By 2015 over eleven million people in the United States had used Botox, a derivative of the deadliest toxin on the planet, to smooth their facial wrinkles. As the journalist Alex Kuczynski notes, seemingly overnight Allergan was “transformed from a relatively small potatoes pharmaceutical company that sold acne products and eye drops to a hugely influential player on a billion-dollar global field.” So how did this happen?
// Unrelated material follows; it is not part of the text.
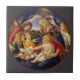 Madonna of the Magnificat by Sandro Botticelli, 1483, is a circular tempera painting on wood panel of the Madonna with Christ Child in her lap holding a song book of the Magnificat, the Song of Mary. Surrounding them is a group of youths resembling angels, holding aloft a golden crown radiating light. The round format of the picture is known as a tondo, a format used in some Renaissance religious paintings. The harmonious blue robes and drapery opening onto a view of a cool, Italian landscape give the impression of an otherworldly scene, as if painted on a sphere.
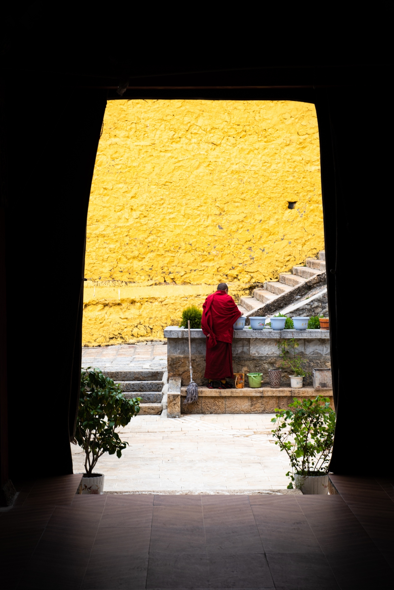 从门口进入,沿台阶向上攀爬,每靠近一步,就会感觉内心又宁静了几分。天上不时有红嘴山鸦盘旋,据导游介绍,红嘴山鸦在当地被称为吉祥鸟。导游介绍了很多,我只记得“56个民族相互尊重、相互扶持、相互理解,中国才能像现在一样稳定发展”这句话。我对这句话十分认同,和当地藏族朋友擦肩而过时,他们笑着说的“扎西德勒”就是对这句话最好的诠释。

If we want to understand the roots of Allergan’s sudden transformation from a small pharmaceutical company into a multibillion-dollar giant, we have to go back forty years to the beginnings of the deregulation and commercialization of American medicine.
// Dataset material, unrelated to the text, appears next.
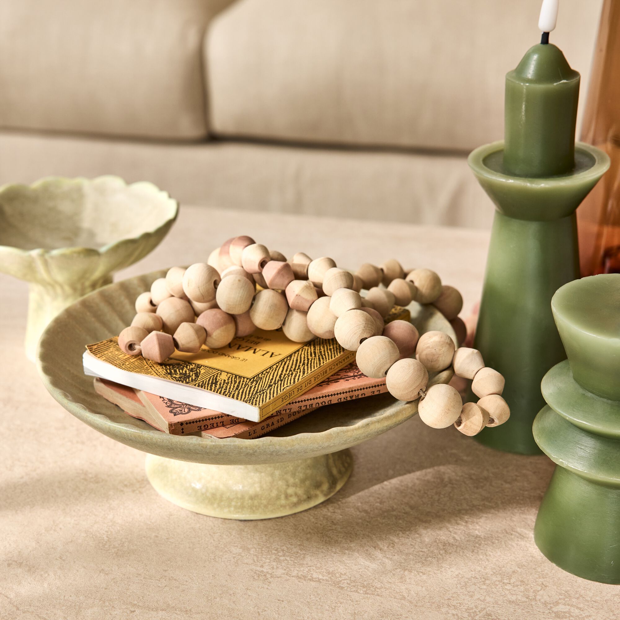 PLEAU - Coupe décorative en grès D21cm - beige

America’s recent era of deregulation began in the 1970s when the Federal Trade Commission (FTC) filed an antitrust complaint against the American Medical Association’s (AMA) ban on direct advertising and patient solicitation. By 1978 the FTC declared that the AMA ban against soliciting business through advertising and marketing was a violation of the Sherman Antitrust Act, which made it illegal to prohibit certain business activities that reduced competition in the marketplace and restrained trade. In 1982, the Supreme Court upheld the FTC’s ruling.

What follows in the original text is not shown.